Issue: Mux upload fails

# Solution: Check API credentials
# Verify in .env.local:
MUX_TOKEN_ID=your_token_id
MUX_TOKEN_SECRET=your_token_secret

# Test with curl:
curl -X GET "https://api.mux.com/video/v1/assets" \
  -H "Authorization: Basic $(echo -n $MUX_TOKEN_ID:$MUX_TOKEN_SECRET | base64)"

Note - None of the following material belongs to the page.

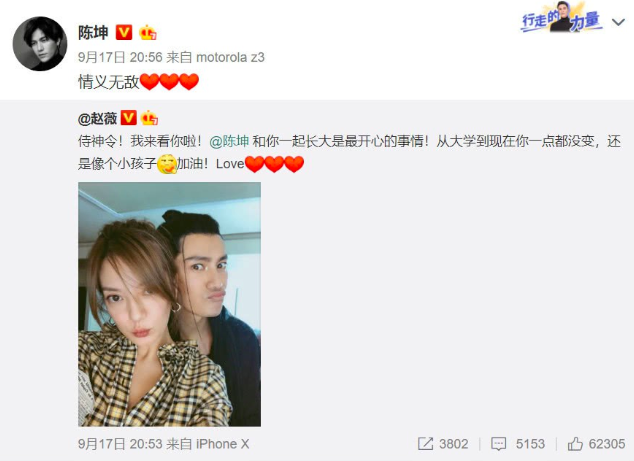 Có lần, Triệu Vy đăng hình ảnh selfie bên tài tử họ Trần cùng lời nhắn ngọt ngào: "Tớ tới thăm cậu đây. Cùng cậu trưởng thành là điều hạnh phúc nhất. Từ thời học đại học đến giờ cậu vẫn chẳng thay đổi gì cả, vẫn là một cậu nhóc. Cố lên nhé. Yêu cậu". Sau đó, Trần Khôn đã chia sẻ bài viết cùng bình luận: "Tình nghĩa bất bại".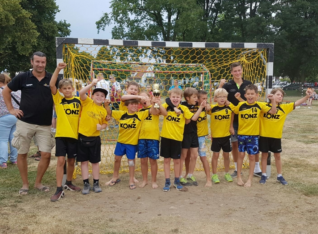 Die weite Anreise früh morgens am Sonntag nach Sontheim war den Jungs der männlichen E1 nicht anzumerken. Gleich im ersten Spiel gegen die SG Ulm & Wiblingen zeigte die Mannschaft mit einem 12:5 Sieg wie heute E-Jugendhandball gespielt wird. Im zweiten Spiel gegen die HSG Lauingen/Wittislingen wurden bei einer 7:2 Führung die Seiten gewechselt. Die zweite Hälfte verlief ähnlich gut und zum Erstaunen aller wurde das Spiel nur knapp mit 10:8 gewonnen. Der verwirrte Schiri hatte leider in der 2. Halbzeit unsere erzielten Tore dem Gegner angerechnet und die vom Gegner uns (eigentlicher Endstand 13:5). Im letzten Gruppenspiel traf man auf die HSG Oberkochen/Königsbronn welche im Turnierfinale in Göppingen schon geschlagen wurde. Der Gegner gewann in den letzten Wochen die Turniere in Hofen und Steinheim und man war vorgewarnt. Es entwickelte sich eine hart geführte Partie in welcher wir am Ende souverän 7:3 siegten. Als Gruppenerster zogen wir direkt ins Finale gegen den Gastgeber TV Brenz. Die 20 gespielten Minuten waren eine deutliche Angelegenheit (8:2) und der verdiente Turniersieg war vollbracht.

Issue: GPT-4V analysis fails

# Solution: Check OpenAI API key and credits
# Verify API key has GPT-4 Vision access
# Check usage limits and billing

# Test with curl:
curl -X POST "https://api.openai.com/v1/chat/completions" \
  -H "Authorization: Bearer $OPENAI_API_KEY" \
  -H "Content-Type: application/json" \
  -d '{"model": "gpt-4o", "messages": [{"role": "user", "content": "Hello"}]}'

Issue: Video generation stuck

# Solution: Check Wan API key and quota
# Verify Wavespeed API key is valid
# Check if you have remaining quota
# Monitor /api/generate/status/[id] endpoint

# Check API status:
curl -X GET "https://api.wavespeed.ai/api/v3/user/info" \
  -H "Authorization: Bearer $WAVESPEED_API_KEY"

Issue: FFmpeg not found

# Solution: Install FFmpeg
# macOS
brew install ffmpeg

# Ubuntu/Debian
sudo apt install ffmpeg

# Windows
# Download from https://ffmpeg.org/download.html
# Add to PATH environment variable

# Verify installation:
ffmpeg -version

Issue: Video stitching fails

# Solution: Check file permissions and disk space
# Ensure /tmp directory is writable
# Check available disk space
# Verify original video is accessible

# Debug commands:
ls -la tmp/
df -h
ffmpeg -i "input.mp4" -f null -

Issue: Mux Player not loading

# Solution: Check playback ID and network
# Verify playback ID is correct
# Check browser console for errors
# Ensure CORS is properly configured

# Test playback URL:
curl -I "https://stream.mux.com/PLAYBACK_ID.m3u8"

🎯 Use Cases

1. Content Creators

YouTube creators monetizing videos with seamless product placements
Course creators adding sponsor segments that don't disrupt learning
Podcast video editions with natural brand integrations
Tutorial creators showcasing tools within their content

2. Marketing Agencies

Client video campaigns with contextual product placements
Social media content with branded integrations
Influencer marketing videos with natural product showcases
Brand storytelling with seamless product integration

3. E-commerce

Product demo videos with related item advertisements
Tutorial videos with tool placements and affiliate links
Review videos with contextual product recommendations
Unboxing videos with complementary product suggestions

4. Streaming Platforms

VOD services with non-disruptive ad insertion
Educational platforms with sponsor integrations
Entertainment platforms with native advertising
Documentary content with contextual brand placements

5. Corporate Communications

Training videos with internal tool placements
Company presentations with product showcases
Webinar content with service integrations
Employee onboarding with brand immersion

🙏 Acknowledgments

Special thanks to:

Mux - For providing the amazing video infrastructure, AI workflows, and player
OpenAI - For GPT-4 Vision and GPT-4 APIs that power our analysis
Wavespeed - For Wan 2.5 API access
Vercel - For Next.js framework and deployment platform
shadcn - For the beautiful UI component library
Radix UI - For accessible component primitives
Tailwind CSS - For the utility-first CSS framework

Powered by Mux • OpenAI • Wan 2.5 • Next.js

🎉 Thank you for checking out Mux AI Ads Placement! 🎉

This project represents the future of video advertising - where technology serves creativity, and ads enhance rather than interrupt the viewing experience.